Уважаемый мистер Маккаули!

Сегодня днем (в пятницу) я съезжаю. Уезжаю поездом насовсем. Я понимаю, что нехорошо Вас заранее не известить, зато Вы можете мне не платить последнее жалованье – там получается за три недели если считать включая понедельник. На плите говядина тушеная с овощами стоит в пароварке только чуть подогреть. Хватит на три раза, а растянуть так и на четыре. Как подогрелось Вы наложите себе сколько надо, накройте крышкой и уберите в холодильник. Не забудьте! Главное сразу накрыть, а то испортится. Приветы Вам и Сабите. Как устроюсь сразу напишу, Джоанна Парри.

P. S. А мебель я отправила мистеру Будро, так как она ему может понадобиться. Как ставите на подогрев не забывайте проверить хватает ли воды в нижней каструле.

То, что билет Джоанна купила до Гдыни, мистер Маккаули выяснил без труда. Просто позвонил станционному клерку и спросил. Не пришлось даже напрягать память, описывая внешность Джоанны: старая или молодая, на вид тощая или довольно-таки упитанная и какого цвета у нее пальто – все это отпало за ненадобностью, стоило упомянуть мебель.

Когда клерк взял трубку, отвечая на его звонок, в зале ожидания слонялись люди, ждали вечерний поезд. Сперва клерк пытался говорить приглушенно, но, услышав об украденной мебели, взволновался (хотя на самом деле мистер Маккаули всего-то и сказал: «…а еще, насколько я понял, она взяла с собой что-то из мебели»). Стал бить себя в грудь и клясться: дескать, знай он, кто она и что задумала, да разве бы он позволил?.. ее ноги бы в поезде не было! Это заявление люди услышали и стали повторять как нечто достоверное; никто даже не задался вопросом, как это, интересно, он не пустил бы в поезд взрослую женщину, заплатившую за билет, не имея прямого доказательства того, что она воровка. В большинстве своем те, кто повторял его слова, полагали, что он вполне мог и не пустить, – столь велика была их вера во всемогущество станционных служащих и таких прямоспинных, облаченных в костюмы-тройки начальственных старцев, как мистер Маккаули.

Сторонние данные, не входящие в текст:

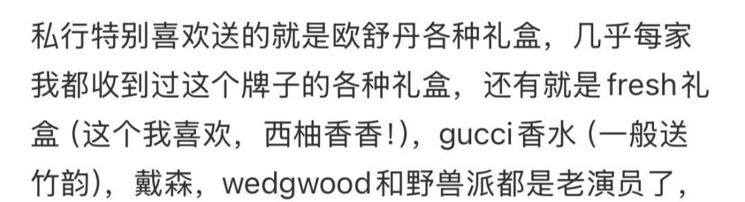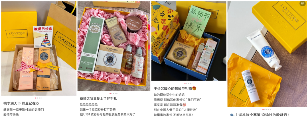 再说高端礼品市场,很多品牌都说自己有礼品这个特渠,可是产品的SKU里往往连个礼盒都没有。真正要去做礼品特渠,也是一种战略决策。欧舒丹这些年在“礼盒”上花的心思,绝不比很多品牌在产品上花的心思少。我们从顾客的碎碎念里也能看到,作为礼品,它总价不高,但单价很高级,东西不多,但盒子很精致,完美符合了很多特殊场景下“伴手礼”的需求。这些巧妙的设计,如果不是真的花时间扑在礼品渠道里挖掘研究,是断断做不出来的。这些礼盒,源源不断被送到礼品的经销商那里、山姆会员店里。随着顾客的手手相传,出现在办公室、婚礼、节日等具体场景中,在每一次的赠予与接收中,“欧舒丹是高端品牌”的品牌信息,在私域中被一次次的传递。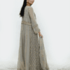 Elevate your style with our Chiffon Frock, featuring Zari, Sequence Nug, and Mirror embellishments. The straight-waisted design effortlessly pairs with a full Ghair border, creating a modern and graceful silhouette. The Chiffon Dupatta, measuring 2.5 yards with a four-side border and delicate with Dubble lace, adds an extra layer of charm. Complete your ensemble with the Banarsi Straight trousers, offering a perfect balance of comfort and style.

Тушеная говядина с овощами была прекрасна (Джоанна всегда прекрасно готовила), но мистер Маккаули обнаружил, что не может проглотить ни кусочка. Презрев инструкцию о накрывании крышкой, он оставил открытую пароварку на плите и даже не погасил под ней конфорку, так что вода в нижней кастрюле скоро выкипела, и старик пришел в себя уже от запаха дымящегося металла.

Вот он, душок измены!

Он уговаривал себя быть благодарным за то, что, по крайней мере, Сабита под присмотром и ему не надо волноваться хотя бы об этом. Племянница (точнее, двоюродная сестра дочери) Роксана в своем письме ставила его в известность, что за Сабитой, судя по тому, как она себя вела, когда летом гостила у них на озере Симко, нужен глаз да глаз.

Откровенно говоря, боюсь, что ни Вы, ни та женщина, которую Вы наняли, не сможете удержать ситуацию под контролем, когда вокруг нее начнут толпами увиваться мальчишки.

Впрямую она, конечно, не спросила, хочет ли он, чтобы у него на руках оказалась вторая Марсела, но в виду имела именно это. А она, дескать, отдаст Сабиту в хорошую школу, где ее научат хотя бы приличным манерам.

Чтобы отвлечься, он включил телевизор, но это не помогло.

Больше всего его бесила ситуация с мебелью. С Кеном Будро.

Дело в том, что тремя днями раньше, в тот самый день, когда Джоанна покупала билет (дата выяснилась в разговоре с вокзальным клерком), мистеру Маккаули пришло письмо от Кена Будро, в котором тот спрашивал:

а) нельзя ли попросить немного денег в долг под залог принадлежащей ему (Кену Будро) и его умершей жене Марселе мебели, хранящейся у мистера Маккаули в сарае, или,

б) если нельзя, то, может быть, мистер Маккаули эту мебель продаст и вырученные деньги как можно быстрее вышлет в Саскачеван.

При этом шустрый малый никак не упоминал долги, которые не первый год за ним числятся: тесть не единожды ссужал его деньгами, и каждый раз под залог этой мебели, так что долгов на ней и так уже повисло больше, чем все те деньги, за которые ее можно продать при самом удачном раскладе. Мог ли Кен Будро обо всем этом забыть? Или он надеется (и это куда более вероятно), что забыл обо всем как раз тесть?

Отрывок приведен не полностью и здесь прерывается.